Language is long believed to be determined by the cognitive mind. The branch of sociolinguistics also believes that language has a close connection with personal identity and power dynamics in society.

It has become a recent trend for parents to worry about their children mixing up grammar when learning different languages or being unable to speak entirely in one language, thus having to switch to the other for certain words. Some who support the Whorfian idea of linguistic relativism (the idea that language shapes the way people perceive the world) even bring out a more extreme claim, stating that early exposure to multilingual learning will infeed the child with contrasting ways of categorizing and processing information from reality, thus having a deterring effect on the development of children’s cognitive system.

Steven Pi

However, research in cognitive linguistics and generative grammar has shown that such a worry is largely overstated. Steven Pinker, a supporter of the Chomskyan view of generative grammar uses his book A Language Instinct to argue that the ability to process and categorize language is an instinct that is biologically inherited, thus hardly influenced or changed by later learning process of languages. He further gives a description of Noam Chomsky’s argument of Universal Grammar and uses it to prove that in essence, all languages have a similar core and only differ with respect to certain parameters (Pinker, 80). His argument summarizes and highlights that we share the same cognitive system for all languages, which shows that little negative impact can be done on children during early exposure to multilingualism.

However, in terms of its psychological effect, multilingualism is likely to socially influence the child in the long run. This starts from the very reason many pursue multilingualism. In the modern world, English has become the most widely spoken lingua franca for international communications. The countries associated with the language (the United States and Canada) and their economic powers convey the hidden message that proficiency in this language would also lead to a boost in wealth, which is also the reason for the multilingual-frenzy we see today. Thus, the incentive for multilingualism on children already places a preference for one of the multiple languages they are learning.

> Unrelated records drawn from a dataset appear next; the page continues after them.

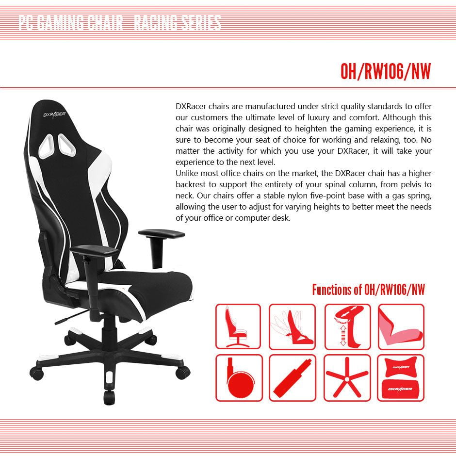 Dxracer Rw106 : Amazon Com Dxracer Racing Series Oh Raa106 Nw Racing Style Bucket Seat Ergonomic Executive Office Gaming Chair Computer Esports Desk Chair With Lumbar Support Pillows Black White Furniture Decor / Is the dxracer rw106ne racing gaming chair price worth it though?
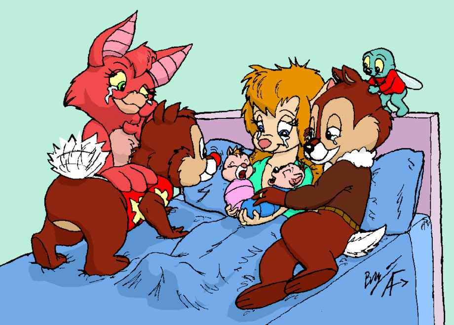 Dale and Foxglove welcome their daughter Danielle, Dani to her friends into the world. Of course Chip and Gadget are here with their twins, Nate and Kimmy, to see the event.
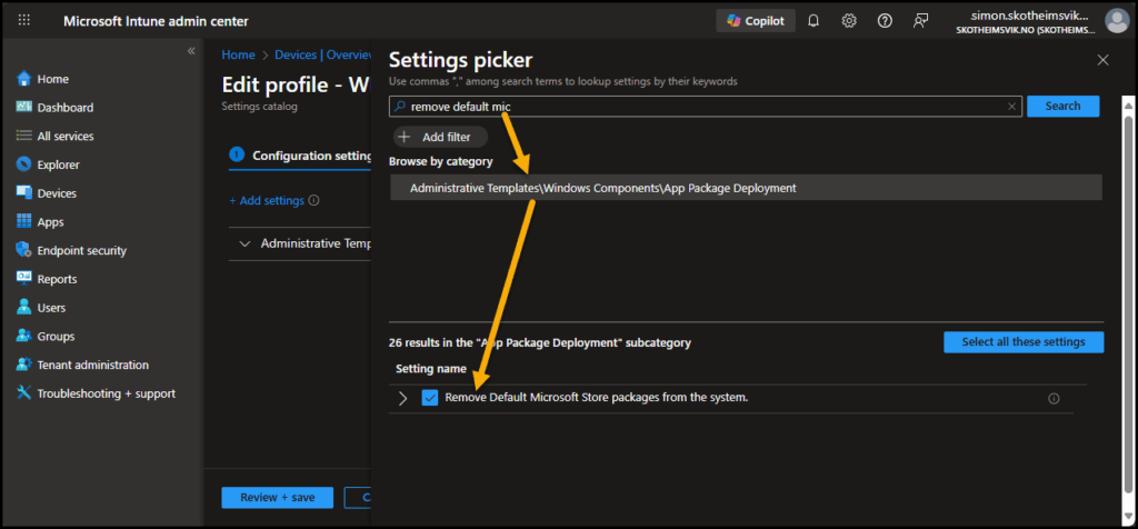 I will create a Windows configuration policy based on the Settings Catalog. The settings I need for this are easily found by searching for “Remove Default Microsoft Store”.
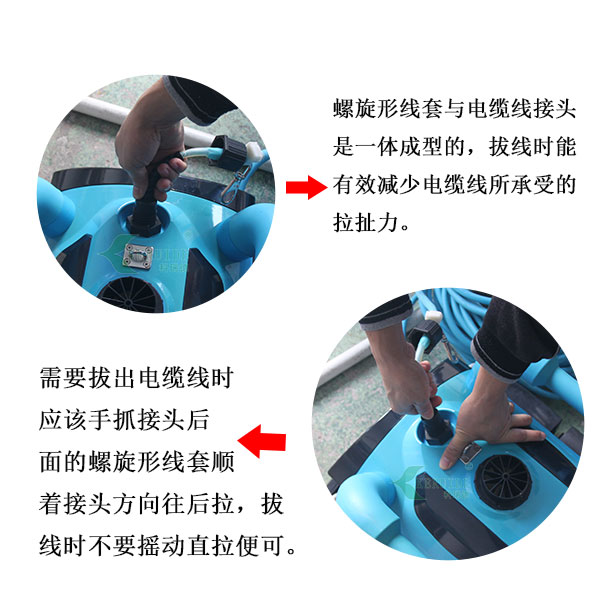 1. 電纜線與吸污機連接頭的保養,電纜線頭與吸污機連接處不適宜使勁頻繁插拔。需要拔出電纜線時應該手抓接頭后面的螺旋形線套順著接頭方向往后拉,拔線時不要搖動直拉便可。(螺旋形線套與電纜線接頭是一體成型的,拔線時能有效減少電纜線所承受的拉扯力。)
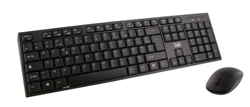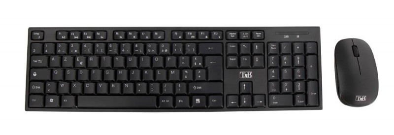 T'nB KBSCBK2. Toetsenbord formaat: Volledige grootte (100%). Stijl toetsenbord: Recht. Connectiviteitstechnologie: Bedraad en draadloos, Aansluiting: RF draadloos + USB, Toetsenbord toetsschakelaar: Membraan keyswitch, Toetsenbordindeling: AZERTY, Aantal toetsen, toetsenbord: 105, Aanbevolen gebruik: Thuis. Kleur van het product: Zwart. Inclusief muis

Malaysian posters expressing a wish to improve English skills

In the long run, multilingual children are inevitably led to realize the superiority of one of the languages that they speak, which causes a detrimental effect on their willingness to speak the language at all. This can often be found in some of the developing countries, such as Malaysia and the Philippines, which uses both Malay and English as its official language. Due to the higher status and linguistic capital the latter has, English is greatly encouraged by the government (two students were expelled from speaking Filipino at school) (Ruanni, 120). All these connotations from a sociolinguistic perspective show that if a child has early access to a language (at most times a dominant one like English), he will gain a rather beneficial position in society. However, this also means that societal views and objective factors will lead the child to have a preference for the more dominant language, which possibly decreases his willingness to speak his mother tongue. This is more likely to happen as children start learning the dominant language at a younger age. As fewer people of the younger generation decline to speak their mother tongue, this also imposes the risk of language extinction for minority languages.

References:

Pinker Steven. The Language Instinct. Penguin Books. 1994.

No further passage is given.